Envy-Free at 51?
May 17, 2012
I’m at the age when I should have stopped looking around to compare myself and my life to anyone else’s, and certainly not to everyone else’s. It’s time (51 is definitely after the supposed watershed moment) for me to rejoice in ME! I am free to discard all thoughts of limitations, weight issues, and life lackings—because, apparently, just getting to this point should be enough of an ego boost to last the rest of my lifetime!
HA!
And the trick’s on me because, unfortunately, this is just one more thing for me to feel bad about having failed: apparently I am the only woman who has failed in the “Look World, No Envy and No Jealousy! I Love My Almost Green Lawn Now That I’m 50!” stage of development.
Woe is me.
It’s not that I haven’t evolved at all, but there’s just no way a lifetime of thinking that I’m the smartest/stupidest/most attractive/least attractive/nicest/meanest woman around can be dismissed, or wished away just because THEY say it should be gone. You see, I’m still dealing with the darn THEYs of the world.

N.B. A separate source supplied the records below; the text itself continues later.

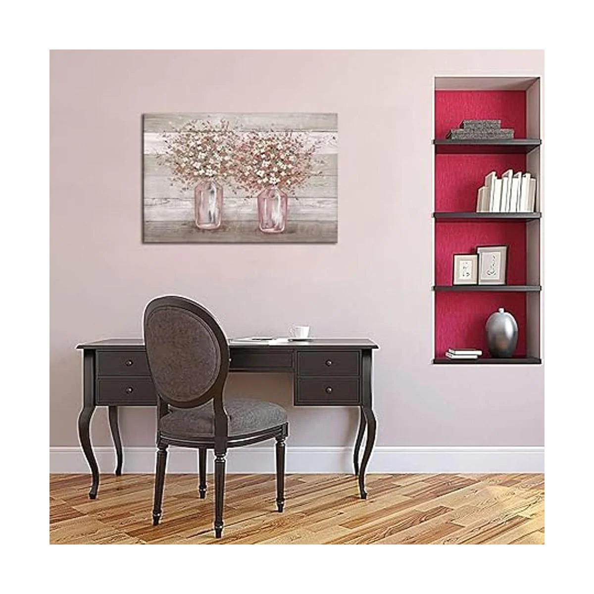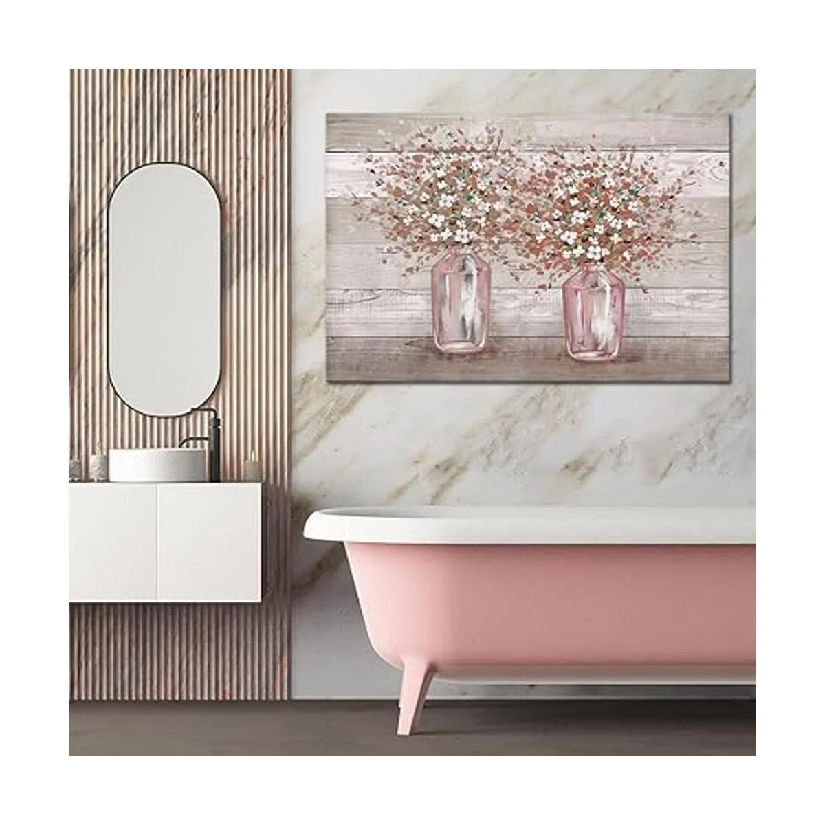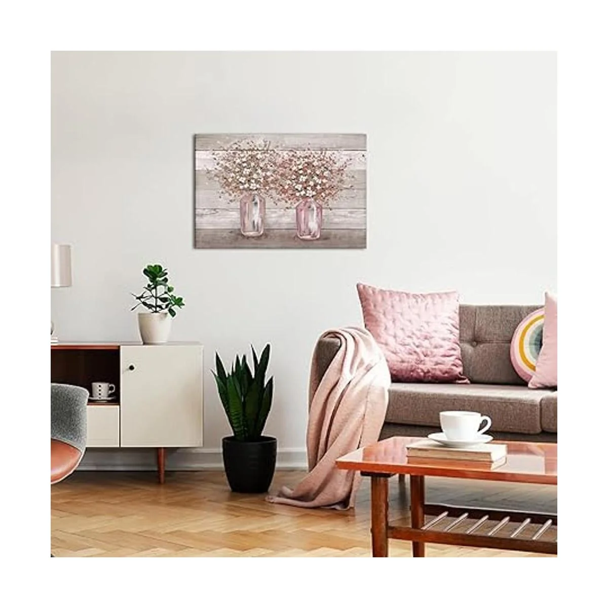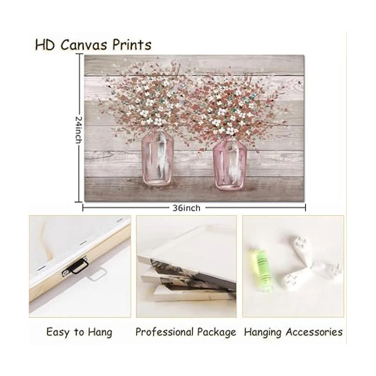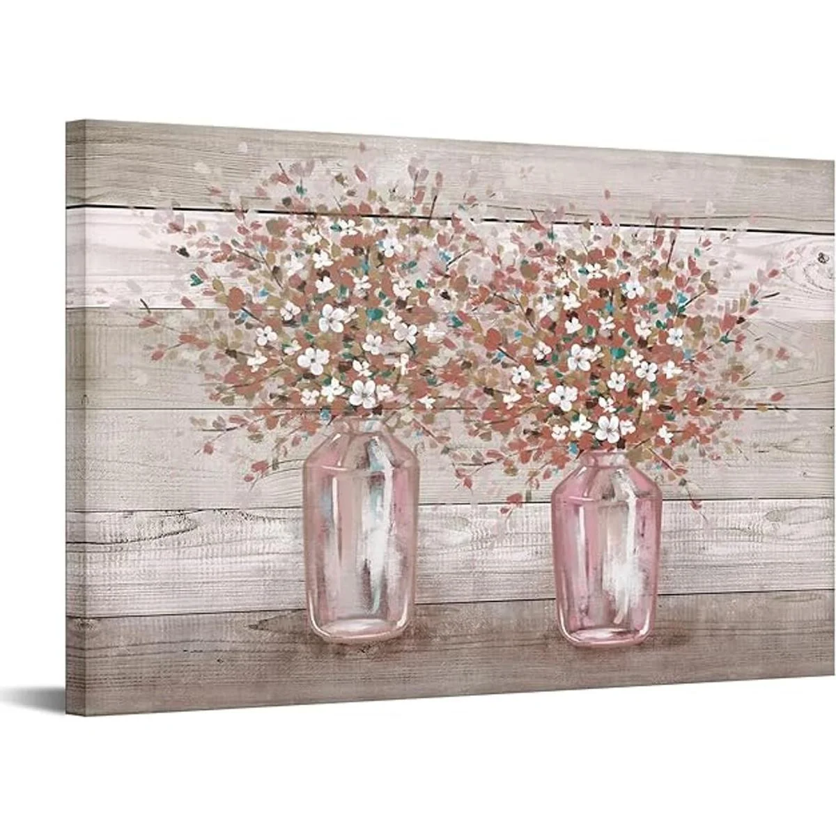 RyounoArt Lienzo de granja para pared para sala de estar, ramo floral abstracto en tarro rosa, decoración de pared, impresiones rústicas de pintura de flores enmarcadas, listas para colgar, 24 x 36 pulgadas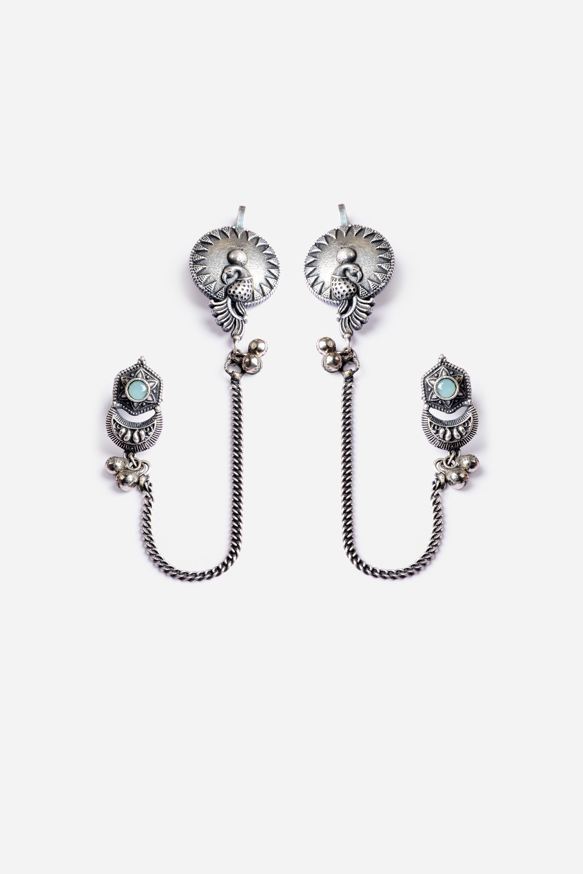 Bring a hint of melody to festive dressing with the Silver Song Ear Cuffs. Designed in oxidised brass with glassy details, these sleek cuffs hug your ears with understated glamour. Ideal for styling with flowing skirts or fusion separates.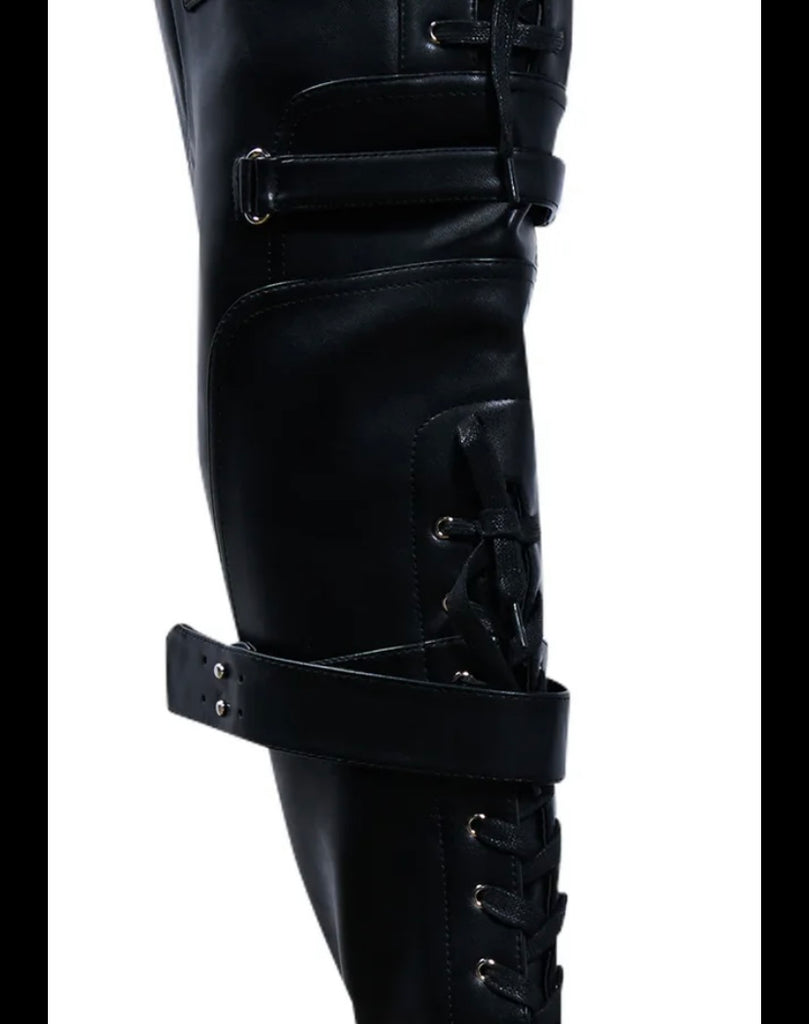 Women Fashion Black Buckled Lace Up Faux Leather Knee High Boots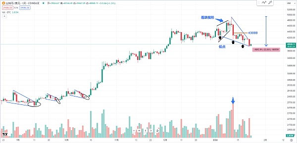 然后我们再来看一下比特币日线级别的这几个楔形的形态 比如高点的位置有一个看跌的楔形 然后这几天又不是很明显 现在空间是下跌了20% 那我们从楔形的形态来观察 从下方的量能可以看出来主力是在骗散户 然后现在根本就不想上涨 就是让他一直在杀跌

Even writing this has me fraught with comparisons because I am not writing the way I am supposed to. I can’t stay focused for more than ten minutes (I lied, five minutes) before I need to click to see if I have any emails or if there’s some undiscovered news to read. If I were a real writer, I’d focus fully for at least two hours without letting myself be tempted, even by the need to re-re-reheat my coffee. Alas, failure again.
And what of my being beyond all thoughts of could haves and should haves. I have found in my teeny tiny bit of research that it is the women who have checked off some accomplishments (besides the children, I mean, but that’s not exactly a unique accomplishment) who are able to lay claim to that “universal 50+ trait” of not comparing oneself to any other woman in the room. Is it that I am supposed to be content with not achieving any of the achievements I had dreamed of just because I’m 50+? Does it mean that I’m supposed to be content with whatever it is that I have done and not worry about falling further and further away from what I think I am capable or want I want to do? If that’s the case, doesn’t it assume, sort of, that I have given up, that I am no longer going to push myself because I have done all that I can expect from myself? But I am not ready to throw in any towels—I’m still here and hope to be for a while to come.
The real difference for me, pre and post the dawning of this marvelous age of the new Middle Age, is that I have less of a speak-up suppressor. The hand-over-mouth synchronicity that was there from my teen years to not so very long ago has vanished—POOF! The big mouth I was when I was still wearing dresses and Danskins is back, but the big difference is that in 3rd grade it was just a need to talk constantly, now it’s a need to say what I think—even if it’s not my turn to speak and even if it’s not censured for proper company. The topics are often of the “think but don’t say” variety; it does feel good, I admit, to have overridden the what-will-they-say internal censor.
My skin. Apparently my skin is supposed to be very very comfy right about now, but I look in the mirror and I see that my face is fuller than it’s supposed to be and not as bright as it’s supposed to be. In my mind, I am the woman of my wedding pictures. I was 24 then. I am not now. I’m not even married now. Yet that’s my mind’s image of myself. How the heck am I supposed to change from perception to reality? And, really, are all those other happy-with-their-lawn women really seeing themselves in the here-and-now or are they trying to trick me for someone else’s good? Is it really bad that every time I peek in the mirror I am disappointed that I’m still me, as in puffy-and-tired-faced Laura? Isn’t it, in some sense, a good thing that I am not willing to forsake my hopes and dreams just because I have reached an age milestone?
Why am I feeling bad that I’m not aging the way I’m supposed to?
Is it self-esteem issues, still? Or is it that this magical glory-be-me revelation isn’t something that we all get to share? Perhaps, as in all things, it happens for some while for others it just doesn’t happen with exclamation marks or over tea with my closest, dearest friends since kindergarten.
What’s wrong with a bit of envy? Isn’t it a bit of a driving force? Can everything really be completely internally driven? Do we all become yogi masters when we step over the 50 milestone? Maybe the key is that by this time we have made our own internal recipes where we can adjust what we need with what we have and what we can still get, as opposed to thinking that all’s well, couldn’t be better, I’m where I’m supposed to be without really believing it—or afraid to believe it.